Construction of East Africa Standard Gauge Railway to start December

Construction of East Africa Standard Gauge Railway to start December

East Africa Standard Gauge Railway to begin in earnest

The construction of the most anticipated East Africa Standard Gauge Railway is set to kick off in December, Tanzania’s Minister for Works has announced.

Professor Makame Mbarawa said that the railway line will link Tanzania and land locked East African countries of Uganda, Rwanda and Burundi and facilitate transport in the central corridor.

The minster added that they are currently sourcing for a well qualified contractor that will be able to carry out the project to the highest standards possible.

Construction of the East Africa Standard Gauge Railway line is expected to take three years and once complete it will give a good transport solution to the countries that it will link.

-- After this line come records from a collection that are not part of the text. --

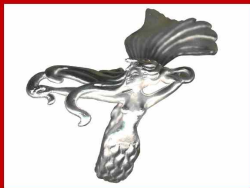
Runa Verdandi Schmuck u. Skulpturen
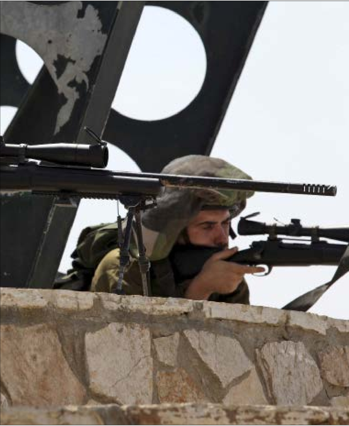
غانتس: هل حزب الله قادر على احتلال الجليل؟ نظريا نعم

إعلامية. صحف ومجلات ومواقع إخبارية عبرية على الإنترنت، عرض فيها رئيس أركان الجيش الإسرائيلي التهديدات الماثلة أمام إسرائيل. في المقابلة مع «معاريف - الأسبوع»، استفز سؤال الصحيفة غانتس، عن قدرات حزب الله والخسائر الإسرائيلية المرتقبة. سال المحاور «عن قدرات حزب الله وتهديده، وعن سيناريوات الخسائر جراء الآلاف من الصواريخ الدقيقة والثقيلة، التي ستجبي من إسرائيل أعداداً كبيرة من القتلى؟». الرد من غانتس كان تأكيداً لما ورد في السؤال، لكنه طلب في المقابل
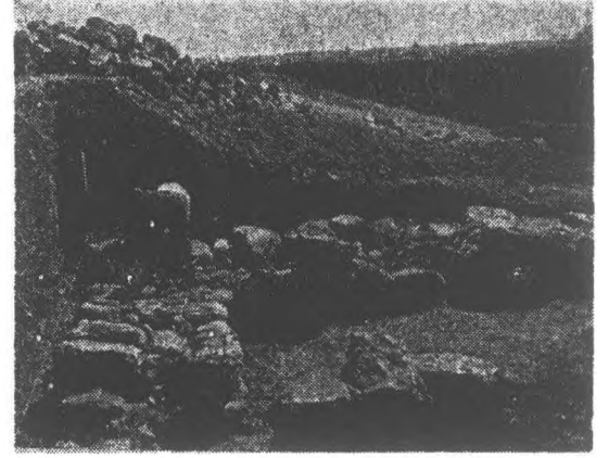
3 — Poternli kapı, sol burç temel duvarların bulunuşu
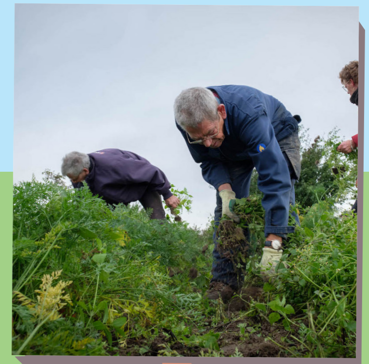
Zelf plukken of oogsten
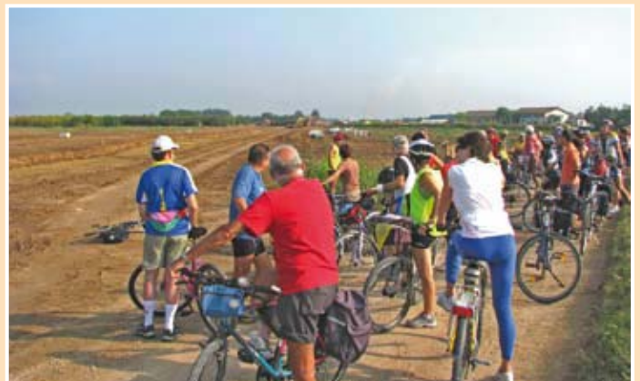
La prima delle due interruzioni

rotta, ma possa mantenere la sua integrità con la costruzione di due semplici e poco costosi sottopassi, utili anche agli agricoltori che si sono visti tagliare in due i loro fondi. Ci sono altre soluzioni? Vorremmo parlarne con chi di dovere. E nei prossimi mesi torneremo alla carica.
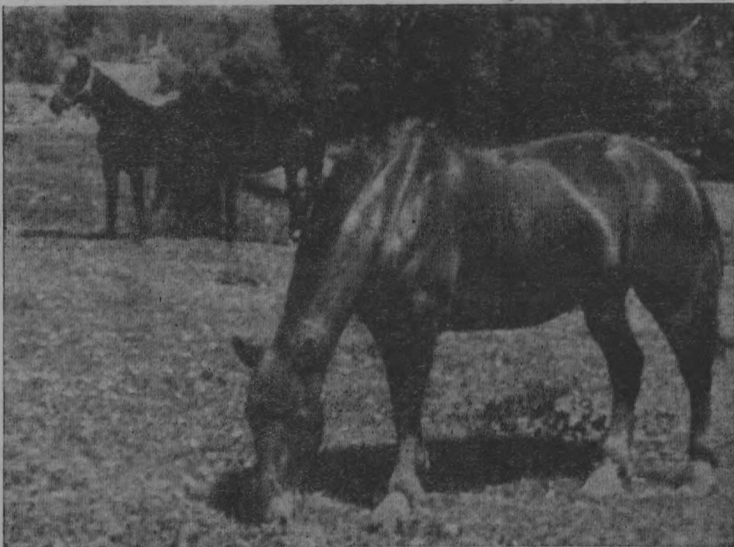
На лугу.
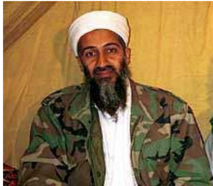
Osama Bin Laden
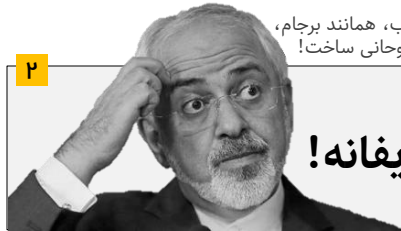
استعفای بیگانه وزیر مصدق مآب، همانند برجام، شکست مفتضحانه‌ای برای روحانی ساخت!

“We expect the project to be of great importance to the countries that it will link which includes Rwanda, Burundi, DR Congo, and Uganda Dar es Salaam Port” he added
The minister added that the project is expected to be carried in four phases and is set to bring adequate solution to the tumbling transport industry.

The minister was speaking during a meeting that brought all transport minister from the involved countries in East Africa under the chairmanship of the Permanent Secretary (PS) in the Ministry of Works, Transport and Communications, Dr Leonard Chamuriho.

Central Corridor

According to Dr Chamuriho, the meeting centered on how to address challenges facing transport in the Central Corridor and the implementation of the SGR project that for a while have been discussed.

The East Africa standard gauge railway line is a major transport route in the EAC block expected to spur economic growth. In Kenya, the construction of the Standard Gauge Railway line is nearing completion and is expected to link Uganda.

Regarded as a key economic booster infrastructure in Africa continues to receive major funding mainly from AfDB, the European Union and the World Bank.